- [Data below]:
---------------
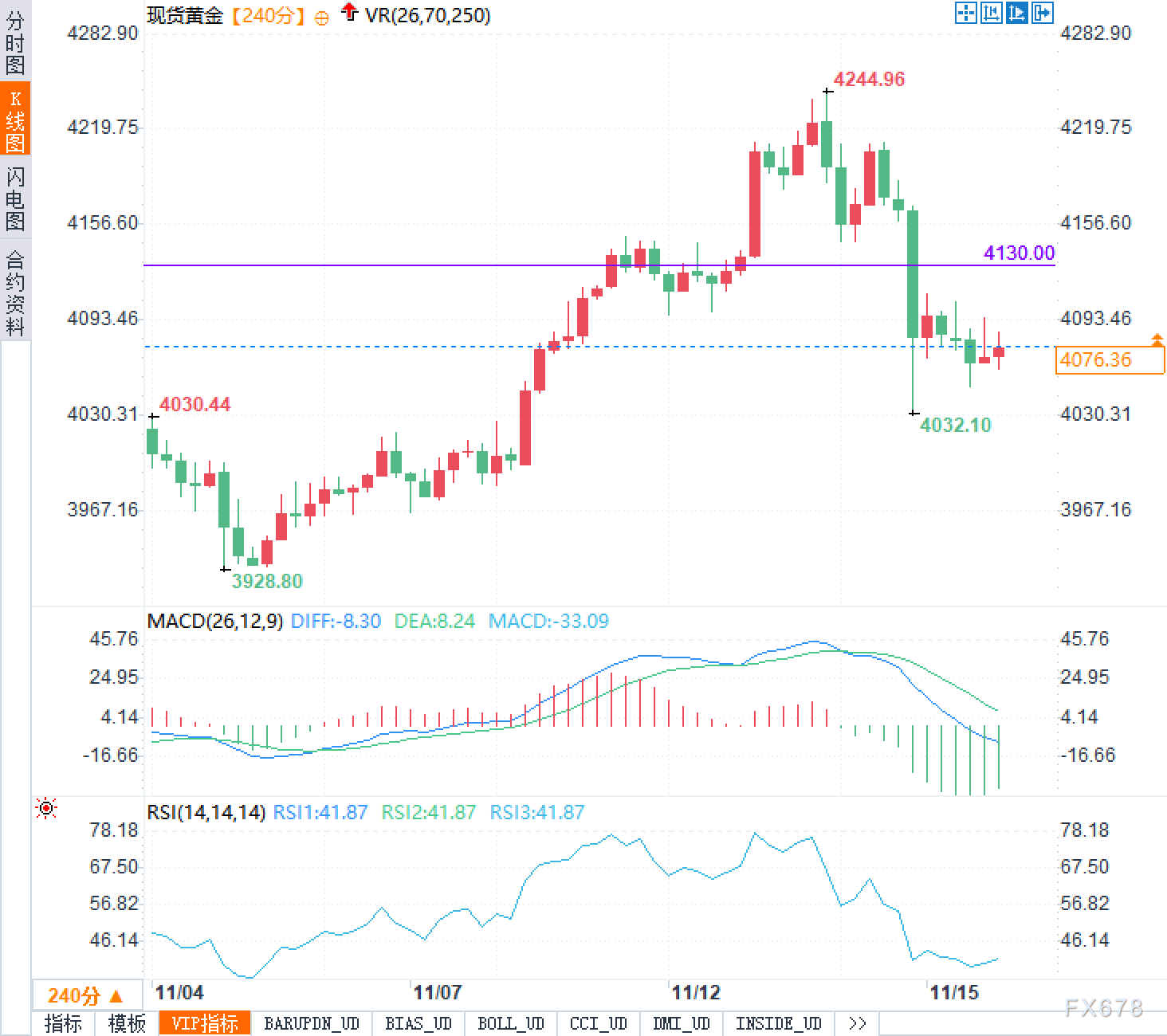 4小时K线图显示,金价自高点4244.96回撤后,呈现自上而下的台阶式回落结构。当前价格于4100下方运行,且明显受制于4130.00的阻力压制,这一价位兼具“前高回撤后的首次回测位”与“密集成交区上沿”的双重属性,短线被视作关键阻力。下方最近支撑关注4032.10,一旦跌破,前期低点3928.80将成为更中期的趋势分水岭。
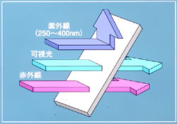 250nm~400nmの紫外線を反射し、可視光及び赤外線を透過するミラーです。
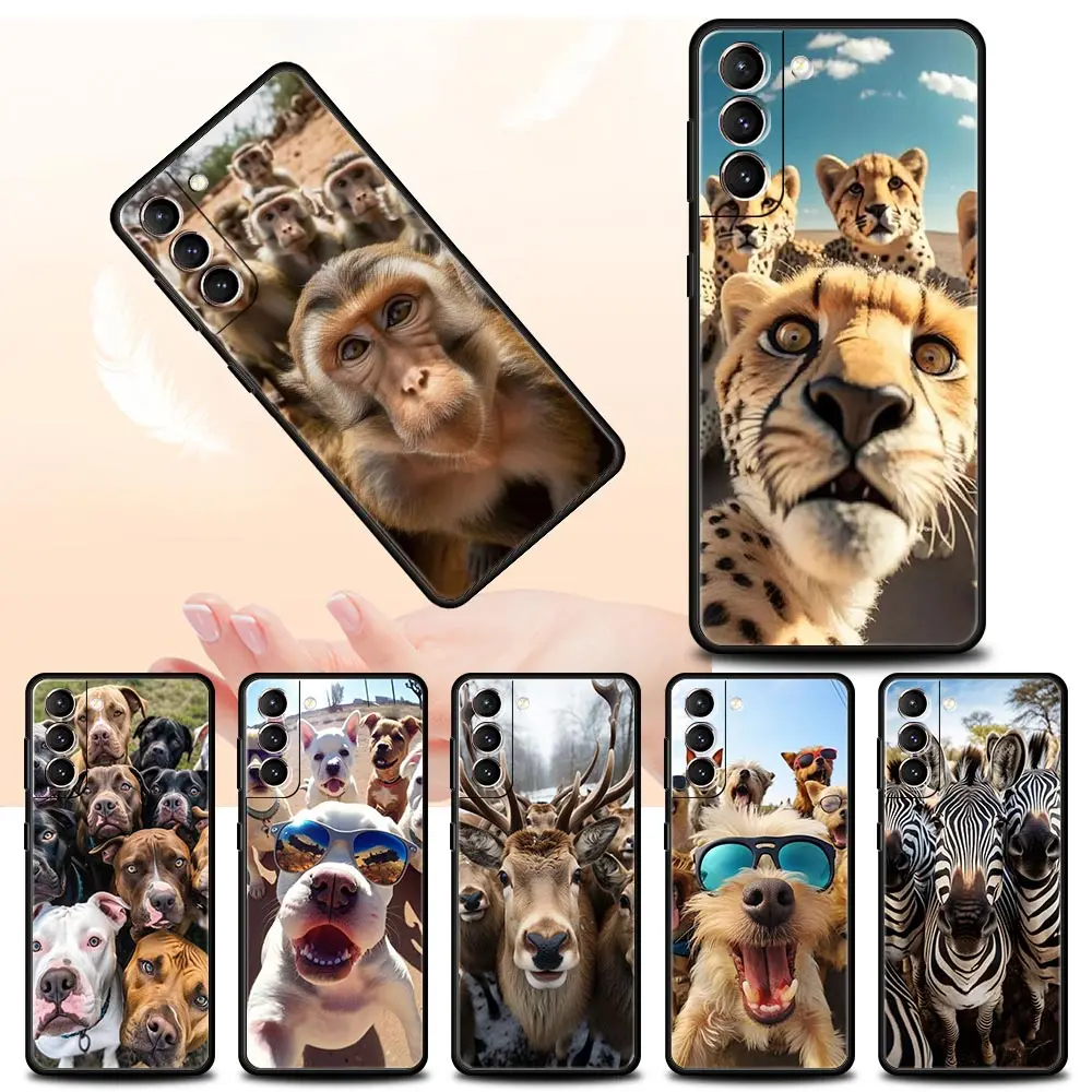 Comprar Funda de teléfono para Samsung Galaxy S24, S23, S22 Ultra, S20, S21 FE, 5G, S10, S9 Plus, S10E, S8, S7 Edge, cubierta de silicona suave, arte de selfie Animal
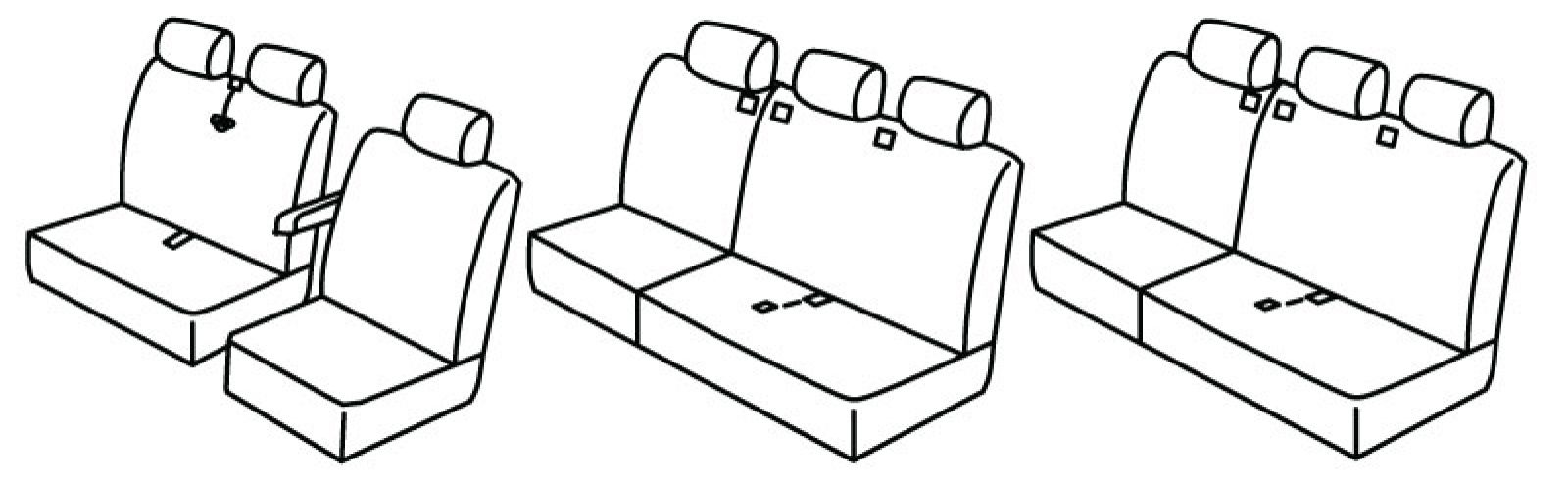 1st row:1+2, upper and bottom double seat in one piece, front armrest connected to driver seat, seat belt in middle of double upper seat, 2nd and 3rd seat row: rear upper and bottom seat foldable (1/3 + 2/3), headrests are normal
---------------
Your response must consist of the material above, reproduced word for word, with the images omitted.

- [Answer]:
 4小时K线图显示,金价自高点4244.96回撤后,呈现自上而下的台阶式回落结构。当前价格于4100下方运行,且明显受制于4130.00的阻力压制,这一价位兼具“前高回撤后的首次回测位”与“密集成交区上沿”的双重属性,短线被视作关键阻力。下方最近支撑关注4032.10,一旦跌破,前期低点3928.80将成为更中期的趋势分水岭。
 250nm~400nmの紫外線を反射し、可視光及び赤外線を透過するミラーです。
 Comprar Funda de teléfono para Samsung Galaxy S24, S23, S22 Ultra, S20, S21 FE, 5G, S10, S9 Plus, S10E, S8, S7 Edge, cubierta de silicona suave, arte de selfie Animal
 1st row:1+2, upper and bottom double seat in one piece, front armrest connected to driver seat, seat belt in middle of double upper seat, 2nd and 3rd seat row: rear upper and bottom seat foldable (1/3 + 2/3), headrests are normal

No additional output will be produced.